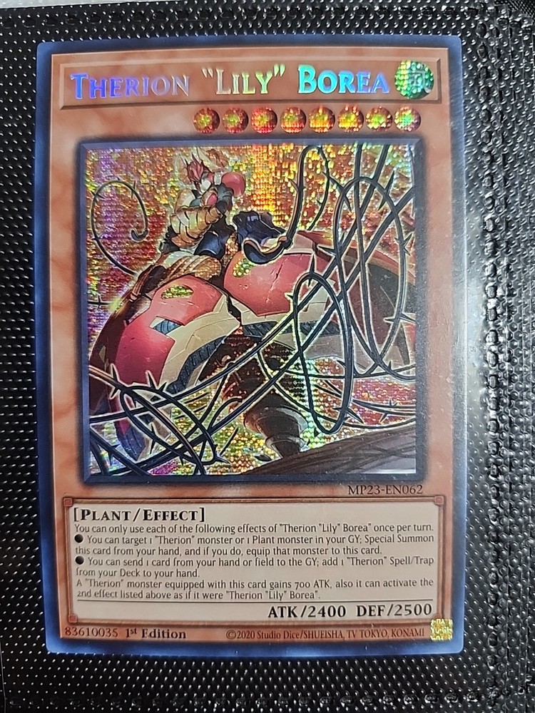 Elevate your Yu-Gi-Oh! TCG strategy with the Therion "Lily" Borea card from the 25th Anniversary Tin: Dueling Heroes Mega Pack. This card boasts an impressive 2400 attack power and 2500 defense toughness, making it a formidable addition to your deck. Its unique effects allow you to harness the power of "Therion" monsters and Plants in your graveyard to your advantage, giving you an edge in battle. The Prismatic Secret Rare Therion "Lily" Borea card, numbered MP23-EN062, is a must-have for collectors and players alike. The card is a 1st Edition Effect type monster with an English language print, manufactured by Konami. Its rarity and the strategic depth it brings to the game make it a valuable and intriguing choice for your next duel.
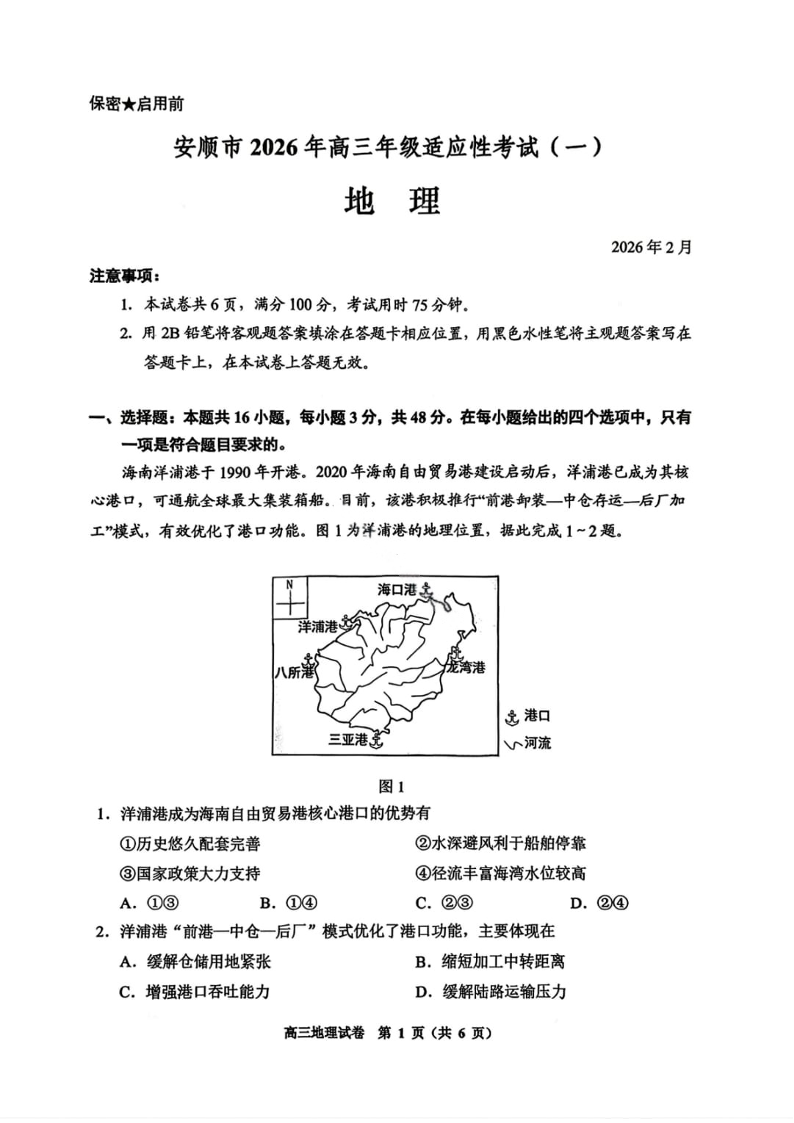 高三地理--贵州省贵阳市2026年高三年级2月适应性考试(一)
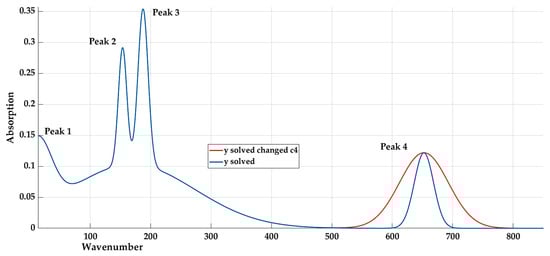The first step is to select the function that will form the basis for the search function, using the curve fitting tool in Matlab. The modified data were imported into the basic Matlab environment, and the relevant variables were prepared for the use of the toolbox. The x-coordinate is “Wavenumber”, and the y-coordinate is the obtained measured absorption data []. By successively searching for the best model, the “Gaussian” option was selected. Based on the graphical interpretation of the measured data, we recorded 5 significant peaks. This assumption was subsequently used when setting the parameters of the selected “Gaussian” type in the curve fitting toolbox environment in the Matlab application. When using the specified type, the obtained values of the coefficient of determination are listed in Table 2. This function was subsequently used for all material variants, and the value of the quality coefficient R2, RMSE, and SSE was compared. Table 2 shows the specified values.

**********

**TASK BRIEF:** With the pictures excluded, restate the material exactly as it stands.

**TASK RESULT:**
 Elevate your Yu-Gi-Oh! TCG strategy with the Therion "Lily" Borea card from the 25th Anniversary Tin: Dueling Heroes Mega Pack. This card boasts an impressive 2400 attack power and 2500 defense toughness, making it a formidable addition to your deck. Its unique effects allow you to harness the power of "Therion" monsters and Plants in your graveyard to your advantage, giving you an edge in battle. The Prismatic Secret Rare Therion "Lily" Borea card, numbered MP23-EN062, is a must-have for collectors and players alike. The card is a 1st Edition Effect type monster with an English language print, manufactured by Konami. Its rarity and the strategic depth it brings to the game make it a valuable and intriguing choice for your next duel.
 高三地理--贵州省贵阳市2026年高三年级2月适应性考试(一)
The first step is to select the function that will form the basis for the search function, using the curve fitting tool in Matlab. The modified data were imported into the basic Matlab environment, and the relevant variables were prepared for the use of the toolbox. The x-coordinate is “Wavenumber”, and the y-coordinate is the obtained measured absorption data []. By successively searching for the best model, the “Gaussian” option was selected. Based on the graphical interpretation of the measured data, we recorded 5 significant peaks. This assumption was subsequently used when setting the parameters of the selected “Gaussian” type in the curve fitting toolbox environment in the Matlab application. When using the specified type, the obtained values of the coefficient of determination are listed in Table 2. This function was subsequently used for all material variants, and the value of the quality coefficient R2, RMSE, and SSE was compared. Table 2 shows the specified values.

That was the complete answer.